Published online by Cambridge University Press: 07 September 2010
For many years, the decade following World War II existed in a no-man's land between economics and economic history. The period did not yet qualify as history for a generation of scholars who had lived through it and for whom access to the archives was barred by thirty-year rules and various and sundry bureaucratic obstacles. It was too remote to be of interest to economists whose forays were frustrated by the fact that organizations like the International Monetary Fund only began to generate consistent time series on economic performance in the 1950s.
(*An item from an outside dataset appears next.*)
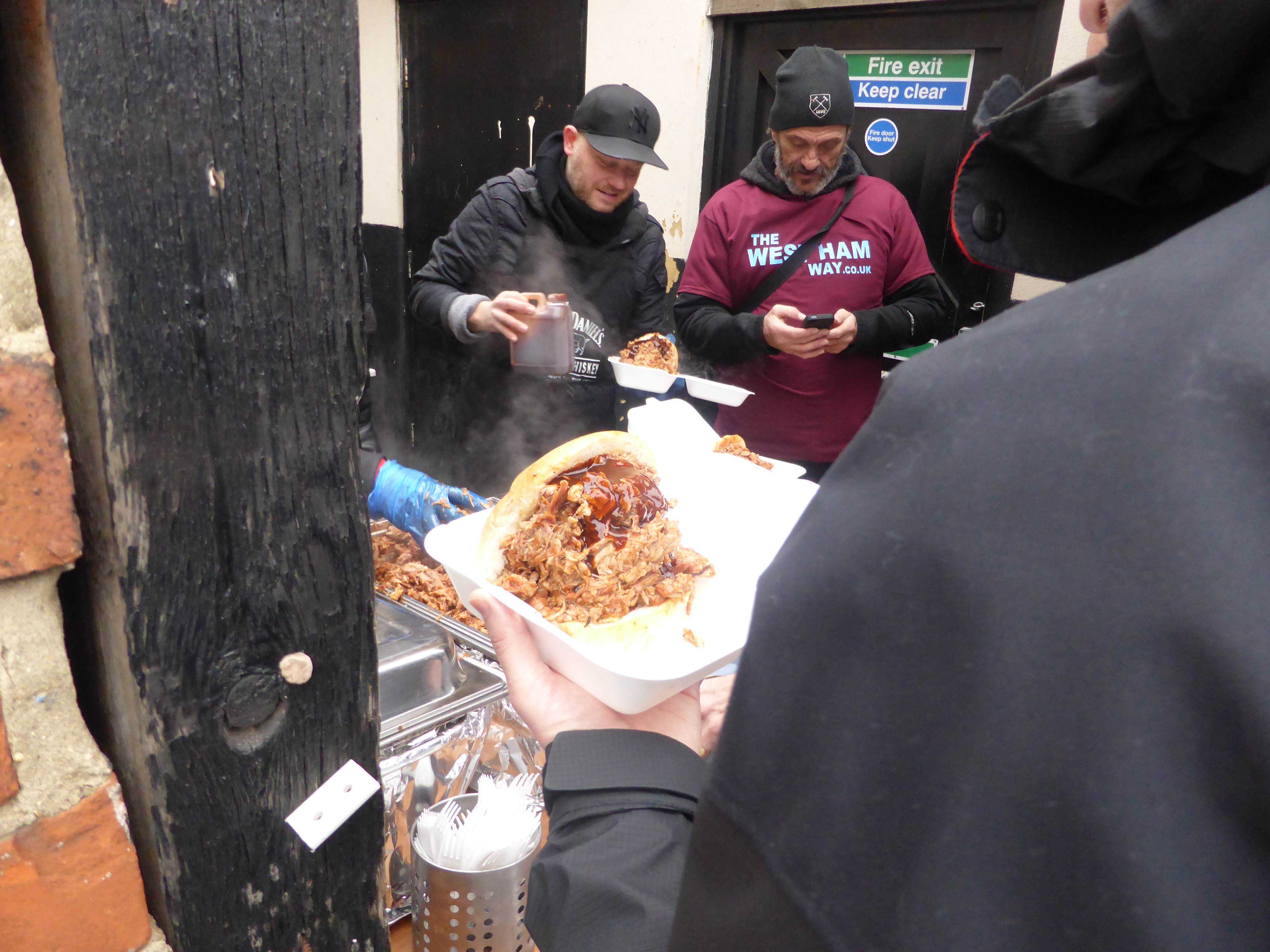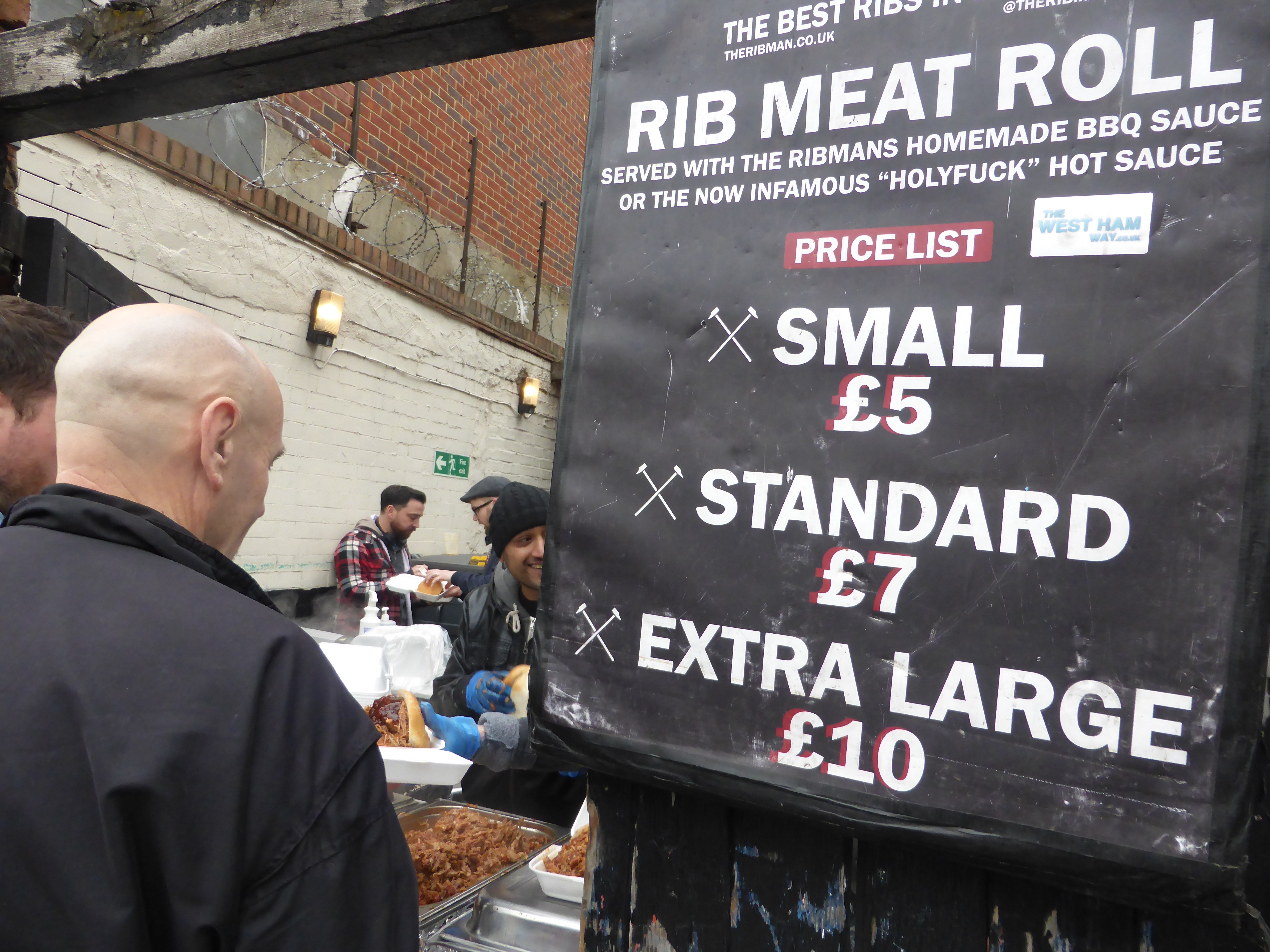 Si l’on veut prendre de l’énergie avant le match, ce jour-là à 12 h 45, on peut s’empiffrer de douteux burgers ou, mieux, d’une sorte de sandwich au boeuf bouilli, le Rib Meat Roll : trois grandeurs à disposition, arrosé d’une sauce brune piquante, la Holyfuck hot sauce.

Recently, however, this began to change. The end of the Cold War heightened interest in the origins of the conflict. The archives opened, due not just to the ineluctable forward march of the thirty-year rule but also because the fall of the Berlin Wall made available new materials. For economists, the Single Market Program and the Maastricht Treaty awakened interest in the post-war origins of European economic integration. The difficulties of economic adjustment in the formerly centrally planned economies of Eastern Europe led to a quest for precedents in Western Europe's successful post-World War II recovery. The 50th anniversary of the Bretton Woods institutions raised the question of whether the time was ripe for their reform and directed attention toward their post-war origins.
The essays collected in this volume speak to these issues. Most of all, however, they seek to clearly depict the contours of Europe's post-war recovery, expose the role of international institutions, and contrast the very different national experiences.